Posting the good news of design effectiveness

Siegel & Gale’s winning design work for Royal Mail was so effective that within 17 days the job had paid for itself.

What is the shortest time it’s taken one of your jobs to pay for itself, justifying the client’s faith in you and investment in design? If you could measure such a thing – and in too many instances it isn’t that easy – you’d be hard pushed to achieve it within 17 days.

But that is what Siegel & Gale has done for Royal Mail with its rethink of its mail redirection service. And this was a major contributing factor in the project, winning top honours in the Design Business Association’s Design Effectiveness Awards this year, as well the Information Design prize.

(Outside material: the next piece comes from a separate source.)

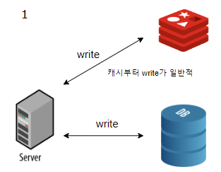 쓰기 지연 시간이 증가하더라도 데이터 갱신을 빠르게 하기 위해 캐시에 먼저 데이터를 쓰고 이후 DB에 쓰는 방식을 주로 사용한다고 합니다.(DB먼저쓰더라도 어짜피 캐시에도 적용할 부분이며, 쓰기 지연이 증가하더라도 읽기는 캐시부터 읽는다면, 결과가 빨리 반영되도록 할 수 있기 때문)

The fact that, according to Royal Mail, the financial benefits of the new-look form covered the 30 000 design fee was a big plus with the judges. Says Peter Norman, group commercial director of Psion and a judge in the second round of the two-stage competition: “If only 5 per cent of the people responsible for forms took a little notice of this, we’d be better off as a society.”

The project started in February last year, when Royal Mail – co incidentally a sponsor of the Design Effectiveness Awards – asked Siegel & Gale to review its mail redirection service. The consultancy was also briefed to appraise the promotional leaflet, Moving home? and the application form filled in by customers wanting their mail redirected.

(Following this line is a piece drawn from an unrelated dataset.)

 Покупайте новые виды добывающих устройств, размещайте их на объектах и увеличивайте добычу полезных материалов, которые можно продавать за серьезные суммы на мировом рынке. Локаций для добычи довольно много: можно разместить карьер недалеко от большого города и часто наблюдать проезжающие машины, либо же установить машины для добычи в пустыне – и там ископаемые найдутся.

Some 800 000 people a year pay to have their mail redirected, and research showed that 87 per cent of application forms contained one or more errors. As a result, Royal Mail was spending a substantial amount of money dealing with these errors and the resulting complaints. Several postal departments channel applications from customers wanting their mail redirected, but because it is such an important public service, it was felt the masterbrand, Royal Mail, was taking a serious knock.

The situation even prompted the Consumers’ Association to damn the Royal Mail redirection service. A highly critical article published in the April 1994 issue of the association’s magazine Which? stated: “The Post Office’s service for people moving house has failed to impress the Consumers’ Association. More than one in ten letters went astray in a test.”

By the time the design project was completed in early May 1994, on schedule and to budget, Siegel & Gale had combined the old leaflet and unwieldy application form into a single, user-friendly document. Folding into an ingenious integrated reply paid “envelope”, the document was tested on customers by independent consultant Peagram Walters Associates before its public launch in June 1994.

The rationale behind the design is to make the form easy to use by Post Office Counters and Royal Mail staff as well as by customers. The decision to amalgamate the two bits of literature was prompted by the discovery that customers thought the leaflet – usually prominently displayed in post offices – was “an operational document”, not just a marketing device. They did not always realise that to apply for the service they had to fill in a separate form, which was generally kept behind the counter.

Apart from recouping its design costs in just over a fortnight, Royal Mail has reaped other benefits from the exercise. It says it reduced operating costs “significantly” in the nine months following the introduction of the new form, and expects a further drop over the next five years.

The success of the project has led to the development of new products, such as a new international redirection service, which is likely to yield 10 per cent extra revenue a year.

As for customer response, the rate of errors in completed applications has fallen from 87 per cent to below 10 per cent nationally – a target established at the outset – and the service has dropped back to third place as a cause for customer complaint.

Most of the staff in the ten Royal Mail Redirection Centres agree that the new form is easier to process. The redesign has also found favour with Post Office Counters and helped to relieve the “historic” internal tensions over the system before Siegel & Gale was brought in.

At the time the review was commissioned, all staff training relating to the redirection service was suspended. According to Royal Mail, the simplicity of the new-look form has made it more easily understood by staff and customers alike and there has been no need to resume training.

All involved in the project have been able to measure its effectiveness accurately because Royal Mail placed a moratorium on advertising and promotions for the service from the start of the exercise. Even posters and point-of-sale material detailing the service were removed, allowing the redesign to stand up on its own. Which, as its success at this week’s award celebration showed, it has done admirably.